## Provided data
┌──
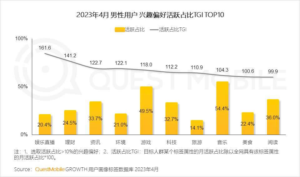 4、男性人群对理财、游戏、科技等多个方面展现浓厚的兴趣,泛娱乐属性突出
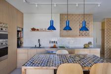 Additionally, the designer chose to remove the dividing wall between the kitchen and the communal area, creating a sense of a spacious, large, and well-lit kitchen. The wall separating the kitchen area and the extensive worktop was complemented by a low wall, completed by Gans's signature wooden elements, allowing the kitchen to expand without darkening it. The kitchen fronts are made of light-colored veneer wood, providing a backdrop for the Moroccan mosaic tiles that the homeowners wanted to integrate into the kitchen. Moreover, a central island was placed in the kitchen, serving both as additional storage and a place for daily seating and dining. Ceramic lamps, handmade in shades of blue, complement the warm and romantic look of the space, combining wood, brass, and rose gold.
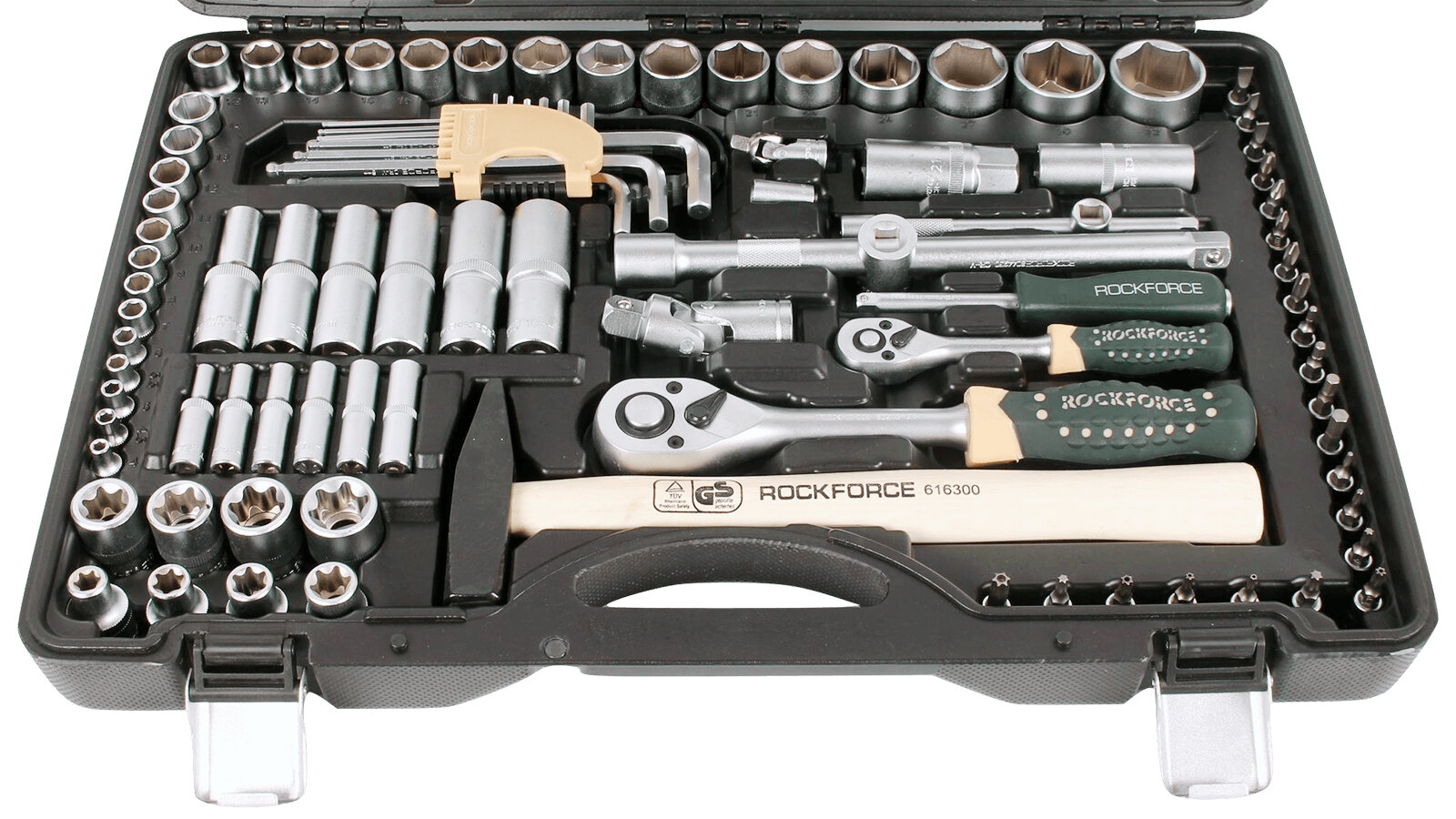 | Головки торцевые подробно | 1/2": 10, 11, 12, 13, 14, 15, 16, 18, 17, 19, 21, 20, 22, 24, 27, 30, 32, 36 мм; 3/8": 6, 7, 8, 9, 10, 12, 13, 14, 15, 16, 17, 19, 21 мм; 1/4": 6, 7, 8, 9, 10, 12, 13, 14 мм; длинные 1/2": 14, 15, 22 мм; длинные 3/8": 10, 12, 13, 14, 15, 17 мм; длинные 1/4": 6, 7, 8, 9, 10, 11, 12, 13 мм; Torx 1/2": E10, E12, E14, E16, E18, E20; Torx 1/4": E8, Е10, E12; трещотка 1/4", 1/2", 3/8"; вороток т-образный 1/2", 3/8", 1/4"; удлинитель 1/2": 125, 250 мм; удлинитель 3/8": 75, 150 мм; удлинитель 1/4": 50, 100 мм; свечные 1/2": 16, 18, 21 мм; вороток с шарниром 1/2"; гибкий удлинитель 1/4"; переходники: 1/4"(M)x3/8"(F), 3/8"(M)x1/2"(F) |
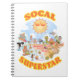 Bright and colourful scene offers a sweet view of Southern California - cute characters enjoy the warm California sun showcasing Los Angeles, San Diego, Anaheim and Palm Springs and also Anza Borrego and Joshua Tree parks plus the border city of Tijuana. This charming scene has it all – a surfer hangs ten while a mermaid lounges on a rock, a killer whale leaps out of the water, a muscular beach couple both flex to impress as a T-Rex roars a challenge and a tank moves into position and much more…
└──
## Requirement
The listing should be transcribed in full, exactly, and without its pictures.

## Answer box
 4、男性人群对理财、游戏、科技等多个方面展现浓厚的兴趣,泛娱乐属性突出
 Additionally, the designer chose to remove the dividing wall between the kitchen and the communal area, creating a sense of a spacious, large, and well-lit kitchen. The wall separating the kitchen area and the extensive worktop was complemented by a low wall, completed by Gans's signature wooden elements, allowing the kitchen to expand without darkening it. The kitchen fronts are made of light-colored veneer wood, providing a backdrop for the Moroccan mosaic tiles that the homeowners wanted to integrate into the kitchen. Moreover, a central island was placed in the kitchen, serving both as additional storage and a place for daily seating and dining. Ceramic lamps, handmade in shades of blue, complement the warm and romantic look of the space, combining wood, brass, and rose gold.
 | Головки торцевые подробно | 1/2": 10, 11, 12, 13, 14, 15, 16, 18, 17, 19, 21, 20, 22, 24, 27, 30, 32, 36 мм; 3/8": 6, 7, 8, 9, 10, 12, 13, 14, 15, 16, 17, 19, 21 мм; 1/4": 6, 7, 8, 9, 10, 12, 13, 14 мм; длинные 1/2": 14, 15, 22 мм; длинные 3/8": 10, 12, 13, 14, 15, 17 мм; длинные 1/4": 6, 7, 8, 9, 10, 11, 12, 13 мм; Torx 1/2": E10, E12, E14, E16, E18, E20; Torx 1/4": E8, Е10, E12; трещотка 1/4", 1/2", 3/8"; вороток т-образный 1/2", 3/8", 1/4"; удлинитель 1/2": 125, 250 мм; удлинитель 3/8": 75, 150 мм; удлинитель 1/4": 50, 100 мм; свечные 1/2": 16, 18, 21 мм; вороток с шарниром 1/2"; гибкий удлинитель 1/4"; переходники: 1/4"(M)x3/8"(F), 3/8"(M)x1/2"(F) |
 Bright and colourful scene offers a sweet view of Southern California - cute characters enjoy the warm California sun showcasing Los Angeles, San Diego, Anaheim and Palm Springs and also Anza Borrego and Joshua Tree parks plus the border city of Tijuana. This charming scene has it all – a surfer hangs ten while a mermaid lounges on a rock, a killer whale leaps out of the water, a muscular beach couple both flex to impress as a T-Rex roars a challenge and a tank moves into position and much more…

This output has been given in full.